We read in 21st Century Science and Health, a book embracing the circular timeline, “Men and women of all environments and cultures are still under the control of terrorists and bullies, ignorant how to obtain their freedom. However, the rights of humanity are being vindicated as people fight for equal rights and remove dictators from office. Moreover, this is prophetic of further steps coming toward the banishment of world-wide oppression, found on higher planes of existence and under more subtle and depraving forms.” The fight is not for a particular legislative plan or regulations but for the mental qualities that promotes peace and stems violence.

Leaders, healers, and common everyday people are validating the truth that the mental qualities of courage, wisdom, and forgiveness effectively banish violence.
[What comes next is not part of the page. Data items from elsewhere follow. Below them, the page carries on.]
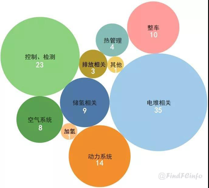 2019年6月,現(xiàn)代公司在燃料電池領(lǐng)域共公開專利51件,主要涉及電堆、系統(tǒng)控制、系統(tǒng)檢測等技術(shù)分支。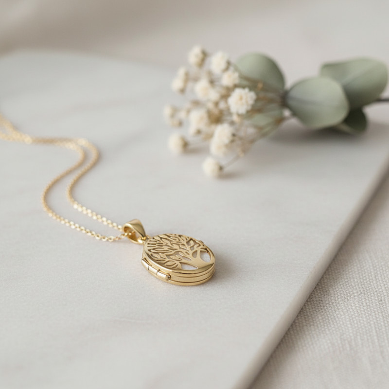 Nous vous proposons ce sublime pendentif réalisé en or jaune 375/1000 (9K). Il s'agit d'un ravissant pendentif photo vous dévoilant sur sa face recto un élégant arbre de vie ajouré. Symbole d'amour et de protection, l'arbre de vie est un élément emblématique de la bijouterie. Véritable porte-bonheur, ce bijou fera un magnifique cadeau à offrir à une personne qui vous est chère. Pour une touche plus symbolique, vous pourrez bien sûr placer une photo à l'intérieur de ce pendentif, comme le portrait d'un proche ou de votre bien aimé(e). En ce qui concerne ses dimensions, ce modèle mesure 30 mm de hauteur sur 16,5 mm de largeur et possède un poids d'or moyen de 3,20 grammes.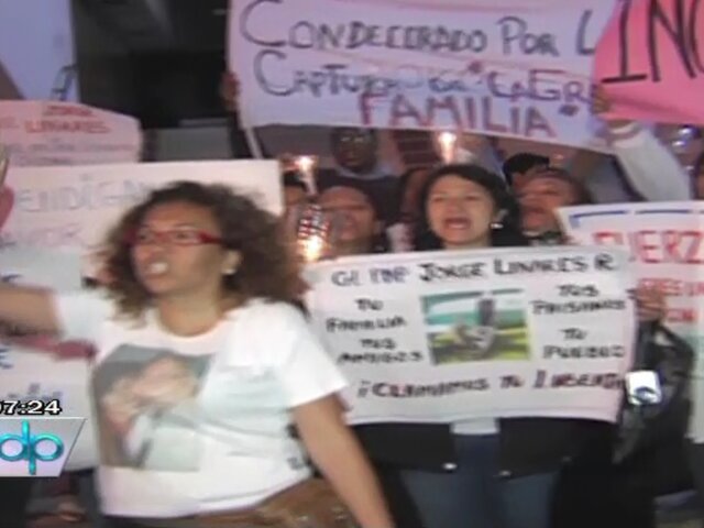 Por segundo día consecutivos, los parientes y allegados del coronel PNP Jorge Linares realizaron una vigilia frente a la sede de la Dirincri exigiendo la liberación del oficial.

Humanity is not destined to be under the control of violent thoughts and behavior. The time is now, not to rely on rules and regulations, but to step forward with a courageous love and truth.

Cheryl Petersen is a freelance writer who lives in upstate New York. With her husband, she fostered children for 15 years. Cheryl contributed an article to The Foster Parenting Toolbox and is author of 21st Century Science and Health with Key to the Scriptures and Marriage: Sink or Swim.